Modestly accepting the loving applause of an admiring throng, I made a very small meal of some very small potatoes with a couple of very small leaves of spinach on the side.
The slugs opened an ‘all you can eat’ buffet round the corner.
The next year we were moving, so the garden went by the wayside.
Now, established in the new place, where the garden is more accessible, we have enough room for the following:
A dried-up pond (large enough for frogs to breed, but not large enough for them to hide from Felis Catus).
A faux palm tree (Felis Catus likes to think he can climb it. When he is halfway up, he thinks again).
A couple of raised beds.
It is in these raised beds that we are nurturing the stuff of food fads.
You know how it goes. Every couple of years the foodie community rejoices in a new, painfully chic, fashion ingredient.
Never mind that said ingredient has been in plentiful supply and gone unnoticed for years. This year it is the thing.
Delia started it years ago with those blessed cranberries. One moment you couldn’t buy cranberries because nobody stocked them; the next you couldn’t get them because they were sold out.

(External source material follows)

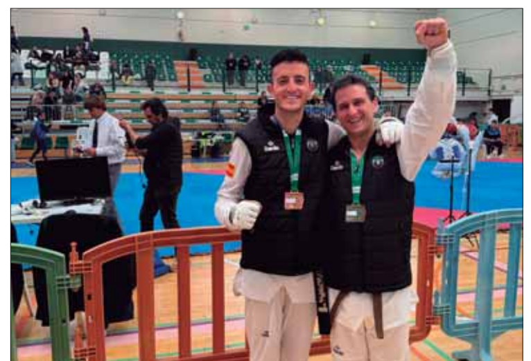
Los ruteños tiraron de oficio para lograr los dos bronce/EC

En su caso, desde hace tiempo está más volcado en la faceta de entrenador. Por eso, destaca la importancia de estar monitorizado por alguien desde fuera del tatami. Matiza que el combate se ve de forma muy distinta. Por eso, es fundamental la retroalimentación que se genera entre competidor y entrenador.

Pomegranates, blueberries, Alfonso mangoes, rocket, chard, butternut squash, Jersey Royals, asparagus, artichokes, salsify, polenta, pea shoots, carnaroli rice, argan oil, etc etc. They’ve all had their moment in the sun, leading to some truly horrendous culinary disasters as amateur cooks chuck them willy-nilly into everything they cook, based purely on the fact that Nigel did a feature on them in The Observer last Sunday.
Pomegranate risotto anyone?
You’d have thought that we’d exhausted them all.
I beg to differ.
Broad bean leaves.
Rip them off, wash off the black fly (for black fly there will be), and wilt them in oil with garlic.
They look a bit like baby spinach, but taste like broad beans, which is a little disturbing.
But they are worth a go. At the very least they are more plentiful and require less patience than broad beans themselves, which always look so promising in their plump pods, but which invariably yield a crop barely big enough to coat the bottom of an eggcup.
All I ask is this: if broad bean leaves turn into the next superfood fashion, just remember where you read it first.